Third, the book is a misrepresentation of the scientific method, happily hoist by its own petard. Authors are not to be congratulated when they identify regions of science that could have more answers (for which evolutionary biochemistry certainly qualifies), and interpret that lack as indicating that the questions are intrinsically unanswerable. Despite Dr. Behe’s training as a scientist, he has been brought up in a religious milieu where answers by instant gratification are the norm. Science requires truly hard work to achieve the reliable understanding it purveys; there it is in sharp contrast to religion’s fatuous attempts at providing understanding or its human-treasonable claims that understanding is beyond human comprehension.

With hard work and even the possibility of progress dismissed, Dr Behe waves his magic wand, discards the scientific method, and launches into his philosopher’s stone of universal explanation: it was all designed. Presenting this silly, lazy, ignorant, and intellectually abominable view — essentially discarding reason and invoking that first resort of the intellectually challenged (that is, God) — he present what he thinks is the most wondrous of theories, that the only way of achieving complexity is by design. There we see Dr. Behe dangling from his petard, proclaiming his “science” of intelligent design, while not troubling to seek the regulation of that awesome monitor of scientific enterprise, peer review.

I would do Dr. Behe and his book a disservice if I left the impression that it was all misrepresentation. Some features it represents with startling clarity. One is the crippling effect of limited imagination. Dr. Behe’s failure to explain complex processes and structures in evolutionary terms is a reflection not on science but on Dr. Behe’s limited powers of imagination. That his paradigm folksy example of a mousetrap as a fine example of an irreducibly complex entity has been shown to be false by an amusing note on the inverse evolution of such a trap (udel.edu/~mcdonald/mousetrap.html) is but a minor but still significant illustration of the mouse hole of limited outlook that Dr. Behe has dug for himself. On a grander scale, he seems totally unaware of the ability of nature to improvise, using whatever happens to be lying around to achieve a local advantage, and thus embark on the awesome vehicle of evolution.
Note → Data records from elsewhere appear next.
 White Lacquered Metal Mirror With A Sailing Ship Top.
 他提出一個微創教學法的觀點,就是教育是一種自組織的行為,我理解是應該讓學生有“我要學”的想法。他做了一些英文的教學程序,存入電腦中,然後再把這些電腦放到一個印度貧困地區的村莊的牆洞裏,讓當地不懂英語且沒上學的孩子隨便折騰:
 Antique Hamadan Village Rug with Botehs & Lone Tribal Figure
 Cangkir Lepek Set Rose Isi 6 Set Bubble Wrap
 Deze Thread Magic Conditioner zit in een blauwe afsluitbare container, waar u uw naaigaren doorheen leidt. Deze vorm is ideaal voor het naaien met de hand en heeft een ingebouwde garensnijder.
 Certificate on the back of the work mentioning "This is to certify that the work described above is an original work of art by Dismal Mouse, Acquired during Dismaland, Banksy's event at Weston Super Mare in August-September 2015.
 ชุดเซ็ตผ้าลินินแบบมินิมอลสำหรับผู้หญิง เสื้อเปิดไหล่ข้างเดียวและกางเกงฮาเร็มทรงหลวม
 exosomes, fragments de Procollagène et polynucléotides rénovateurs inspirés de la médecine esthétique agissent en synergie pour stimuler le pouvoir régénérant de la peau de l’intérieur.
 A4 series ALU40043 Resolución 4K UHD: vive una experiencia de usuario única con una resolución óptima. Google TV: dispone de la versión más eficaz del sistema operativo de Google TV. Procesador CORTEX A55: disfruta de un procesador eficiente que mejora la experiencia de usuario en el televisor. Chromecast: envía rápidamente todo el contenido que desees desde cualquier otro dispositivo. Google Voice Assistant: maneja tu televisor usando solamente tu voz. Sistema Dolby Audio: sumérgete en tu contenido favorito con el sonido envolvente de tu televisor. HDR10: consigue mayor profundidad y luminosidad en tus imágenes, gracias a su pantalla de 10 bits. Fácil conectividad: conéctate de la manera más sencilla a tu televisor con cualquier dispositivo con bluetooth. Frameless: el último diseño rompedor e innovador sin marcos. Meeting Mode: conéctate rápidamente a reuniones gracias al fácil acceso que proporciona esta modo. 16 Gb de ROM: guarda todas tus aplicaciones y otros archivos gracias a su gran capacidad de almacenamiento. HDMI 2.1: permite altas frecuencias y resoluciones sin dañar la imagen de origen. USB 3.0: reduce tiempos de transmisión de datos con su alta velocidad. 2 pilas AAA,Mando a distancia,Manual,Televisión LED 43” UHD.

The danger of this book — and why it receives so much attention — is partly that it is so well written (or so some find; I among them, I must confess). I learned a huge amount from it (I think), and it was only my wary eye that held me back from slipping along with the argument. Moreover, here we have a real, and very competent (but deeply misguided) scientist purveying some very good science and pointing up some very important omissions in our current understanding. Dr. Behe and his book must be as gold-dust among the dross of the general run of creationists and their so-called literature. The general reader will not know the limitations of his argument, or be aware of his misrepresentations of the facts, and will easily be seduced by his arguments. After all, it seems so very much easier, and certainly avoids a lot of intellectual effort, to accept that God did it all, even though we have to interpret the carefully coded allusions to this incompetent figment of impoverished imaginations.